This is what Dirac is saying, except he doesn't impose the condition $(**)$.

 

[Kostik]

I'm simply treating $u_{\mu\nu}$ as an infinitesimal standard covariant tensor under coordinate transforms.

But this ignores the fact that $\xi\equiv l_{\mu}x^{\mu}$ is not a scalar because the coordinate $x^{\mu}$ doesn't transform like a contravariant vector:
$$\acute{l}_{\mu}\acute{x}^{\mu}=l_{\alpha}\left(\delta_{\mu}^{\alpha}-\dot{b}^{\alpha}l_{\mu}\right)\left(x^{\mu}+b^{\mu}\right)=l_{\mu}x^{\mu}\left(1-\dot{b}^{\alpha}l_{\alpha}\right)+b^{\mu}l_{\mu}+\mathcal{O}\left(b\dot{b}\right)$$Or are you assuming that $b^{\mu}$ must be chosen so that $b^{\mu}l_{\mu}$ vanishes?

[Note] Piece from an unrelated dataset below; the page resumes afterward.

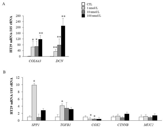Gene expression levels of extracellular matrix remodelling markers (A) as well as tumorigenesis-related molecules (B) in HT-29 cells stimulated with different concentrations of recombinant MAGP-1 for 24 h. Gene expression levels in unstimulated cells were assumed to be 1. Values are the mean ± SEM (n = 6 per group). Differences between groups were analyzed by one-way ANOVA followed by Dunnett’s post-hoc tests. * p < 0.05 and ** p < 0.01 vs. unstimulated cells.

@renormalize: How can you treat $u_{\mu\nu}$ as a tensor? Actually, I believe this is (approximately) correct, but this requires a calculation; please see my reply to the original post.

I agree $\xi\equiv l_{\mu}x^{\mu}$ is not a scalar in curved spacetime, because the wave vector $l_\sigma = \xi_{,\sigma}$ is only defined in flat spacetime, where the phase $\xi$ of a plane-wave is a well-defined scalar. However, Dirac is working in the weak-field approximation, so I am assuming that $l_\sigma$ can be considered (approximately) to be a vector.

(Note that you are treating $l_\sigma$ as a vector, to show that $\xi$ is not a scalar, but the very definition of $l_\sigma$ comes from $l_\sigma \equiv \xi_{,\sigma}$, so I don't follow your logic.)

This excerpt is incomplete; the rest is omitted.